House Committee on Foreign Affairs: Subcommittee on the Middle East and North Africa

On Wednesday, staff attended a hearing hosted by the House Subcommittee on the Middle East and North Africa regarding Iran and Syria. The hearing, on the eve of the inauguration of Iranian President-elect Hassan Rouhani, focused on Rouhani’s past positions on the Syrian conflict and Iran’s nuclear program reveal about possible policy changes, if any, under a new Iranian government, and recommendations for the appropriate U.S. policy response.

A webcast of the hearing can be found here.

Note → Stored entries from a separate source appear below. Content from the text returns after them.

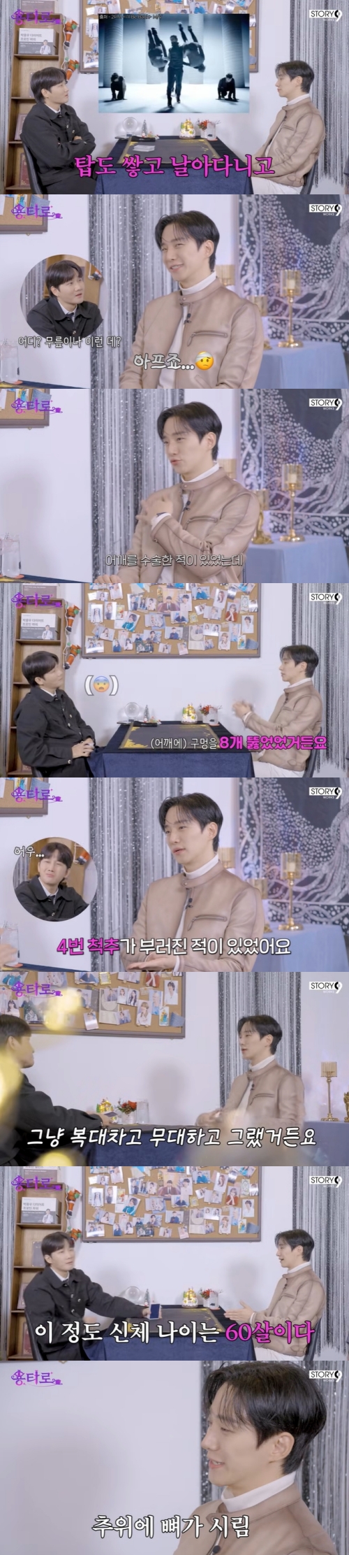 이어 "그때는 그냥 복대차고 무대를 했다. 너무 부상을 많이 입어서 병원을 갔는데 '이정도 신체 나이는 60살'이라고 하더라. 데뷔 때 60살이라는 얘기를 들었다"고 털어놨다.
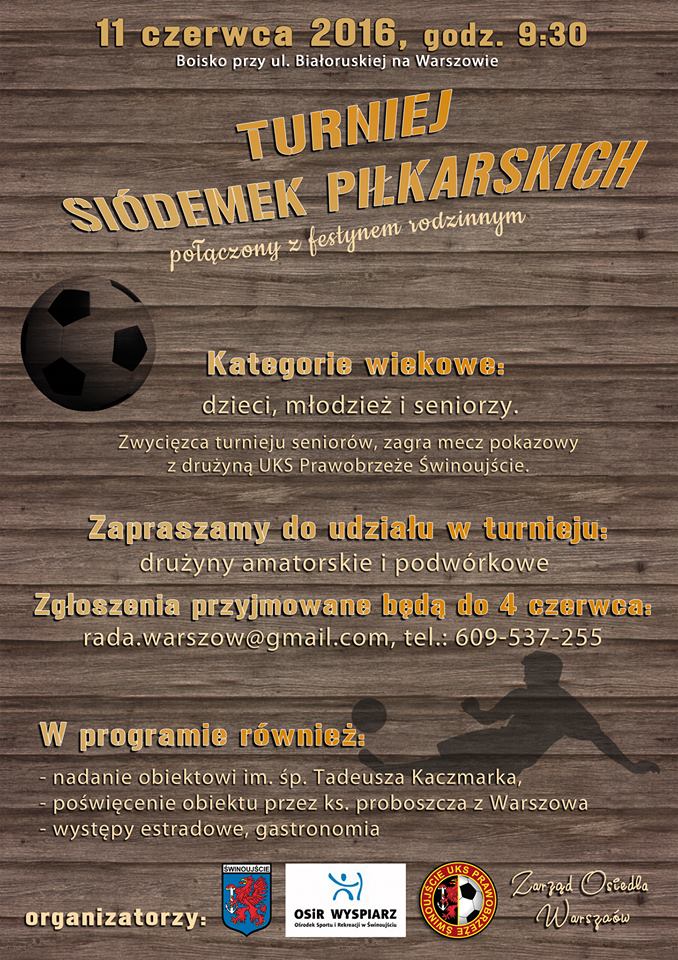 W imieniu Zarządu Osiedla Warszów zapraszamy na imprezę która odbędzie się 11.06.2016 przy boisku na ulicy Białoruskiej. W programie oficjalne otwarcie boiska przez Prezydenta Janusza Żmurkiewicza, nadanie mu imienia Tadeusza Kaczmarka, odkrycie tablicy pamiątkowej.
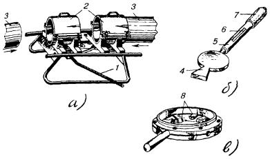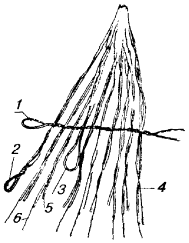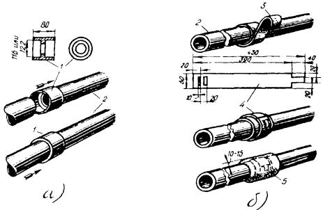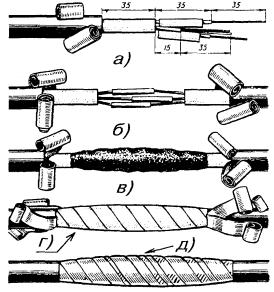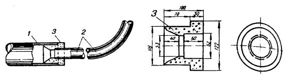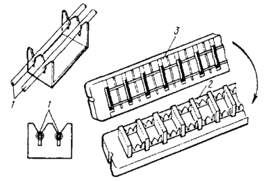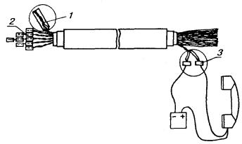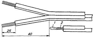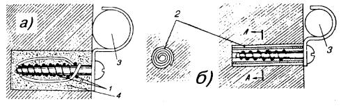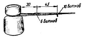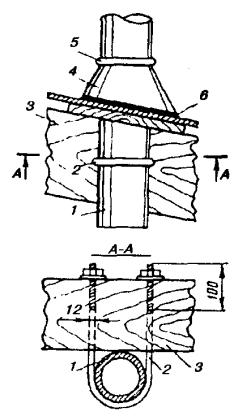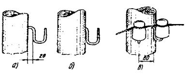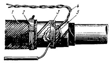 1 - хомутик из перевязочной проволоки; 2 - стальная проволока диаметром 4 - 5 мм; 3 - витки пропаять

Claims: During the week ending July 26, the Board of Veterans’ Appeals reached dispositions on 130 American Legion represented appeals. Of those dispositions, 70.1 percent of the denials were overturned with outcomes favorable to the veteran. In 36 cases, the board granted benefits outright after considering The American Legion’s arguments. In 56 cases, The American Legion was able to point out errors in the development of the veteran’s claims which mandated corrective action under the law. Of the total number of dispositions, 28 (21.5 percent) were outright denials.